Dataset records
───

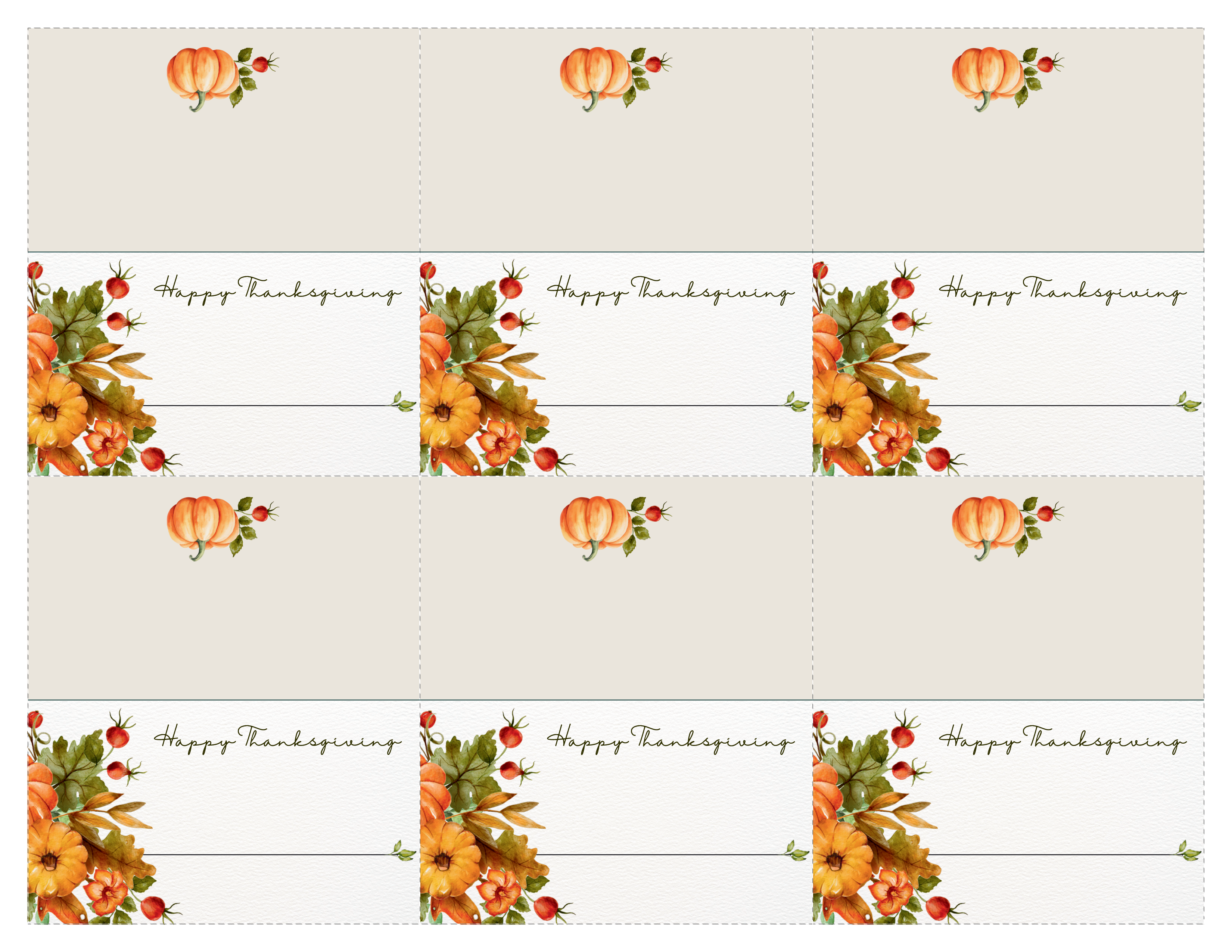 This free printable sheet features six foldable place cards in a classic tent-style layout. Each card has a watercolor pumpkin or floral cluster along with a Happy Thanksgiving message, leaving plenty of room to hand-write each guest’s name. The soft neutrals and warm autumn colors coordinate beautifully with most Thanksgiving décor.
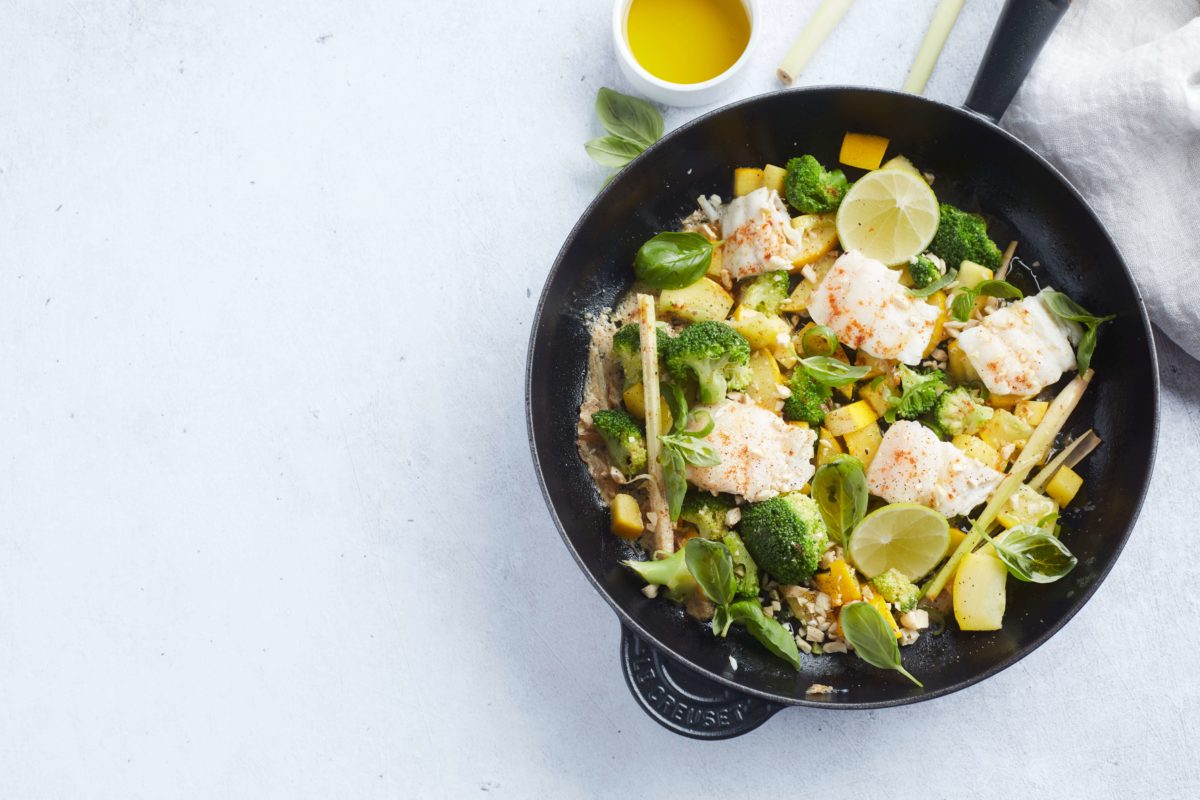 “Ben je ook gek op de Thaise keuken met al zijn pittige smaakmakers? Deze eenpansmaaltijd van groenten en vis met kokosmelk en citroengras is in een tiental minuten al voorbereid en een echte smaakbom. Ideaal als het snel mag gaan!”
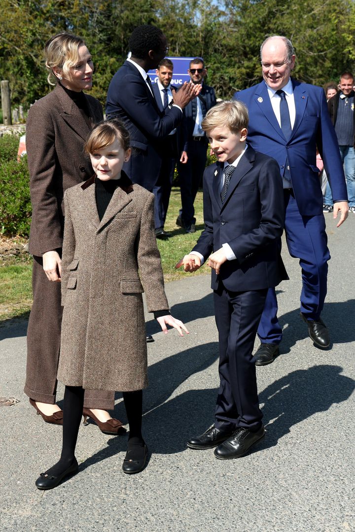 聖デヴォート・ラグビー・トーナメントでのワンシーン。ジャック公子は母親と同じくサングラスをかけ、ガブリエラ公女は父親とおそろいのジャケットを着るという、愛らしい親子コーデでお出まししました。
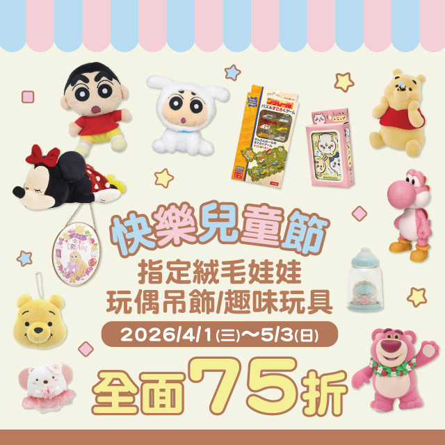 指定款絨毛娃娃、玩偶吊飾&趣味玩具↘75折
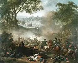 The Battle of Lesnaya (Russian: Битва при Лесной, romanized: Bitva pri Lesnoy; Swedish: Slaget vid Lesna; Polish: Bitwa pod Leśną) was one of the major battles of the Great Northern War. It took place on October 9 [O.S. September 28] 1708[lower-alpha 2] between a Russian army of between 26,500 and 29,000 men commanded by Peter I of Russia, Mikhail Mikhailovich Golitsyn, Aleksandr Danilovich Menshikov, Christian Felix Bauer and Nikolai Grigorovitj von Werden and a Swedish army of about 12,500 men commanded by Adam Ludwig Lewenhaupt and Berndt Otto Stackelberg, at the village of Lesnaya, located close to the border between the Polish–Lithuanian Commonwealth and Russia (now the village of Lyasnaya, south-east of Mogilev in Belarus). The Swedes were escorting a supply column of more than 4,500 wagons for their main army in Ukraine.
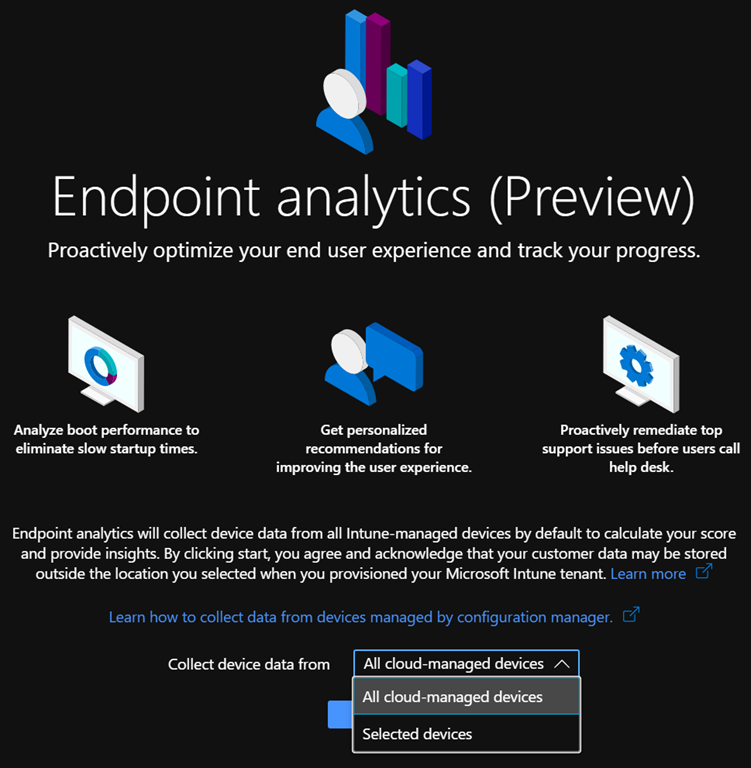 Once authenticated with an Intune/Endpoint Configuration administrator account you can turn on the Endpoint Analytics for either all cloud-managed devices or a selected subset
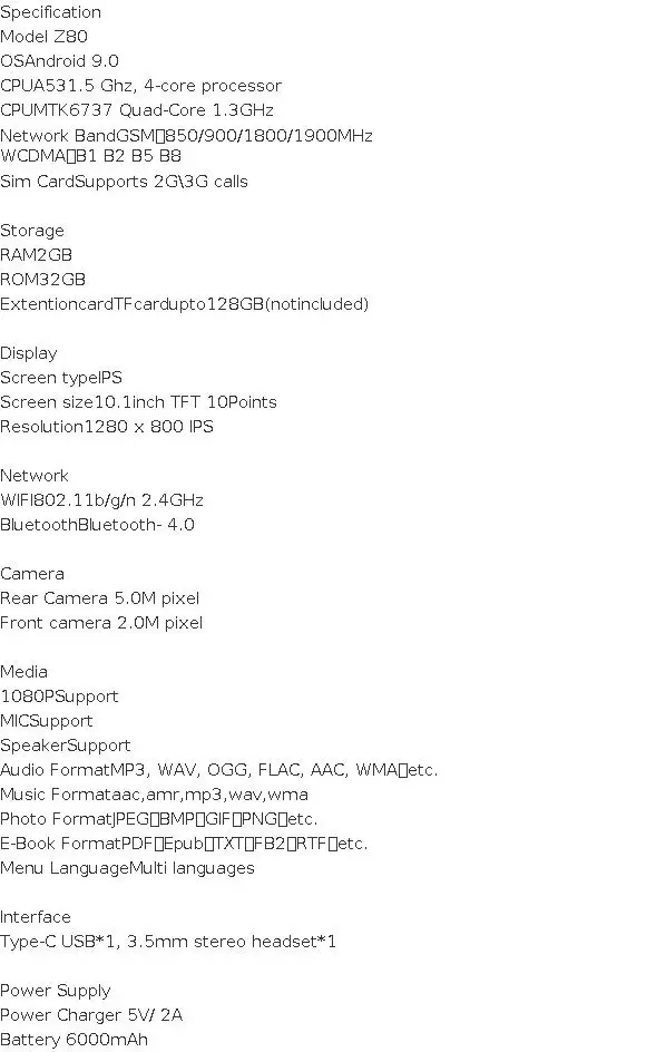 Quad-Core 10.1 INCH Type-C 3G Phone Tablet Android 9.0 2GB Ram 32GB Rom 1280 x 800 IPS 6000mAh

───

WORK INSTRUCTION:
All lines from the one containing "Once authenticated with" through the end of the data are to be written out exactly, with nothing added; skip the pictures.

RESPONSE FOR THIS EXERCISE:
 Once authenticated with an Intune/Endpoint Configuration administrator account you can turn on the Endpoint Analytics for either all cloud-managed devices or a selected subset
 Quad-Core 10.1 INCH Type-C 3G Phone Tablet Android 9.0 2GB Ram 32GB Rom 1280 x 800 IPS 6000mAh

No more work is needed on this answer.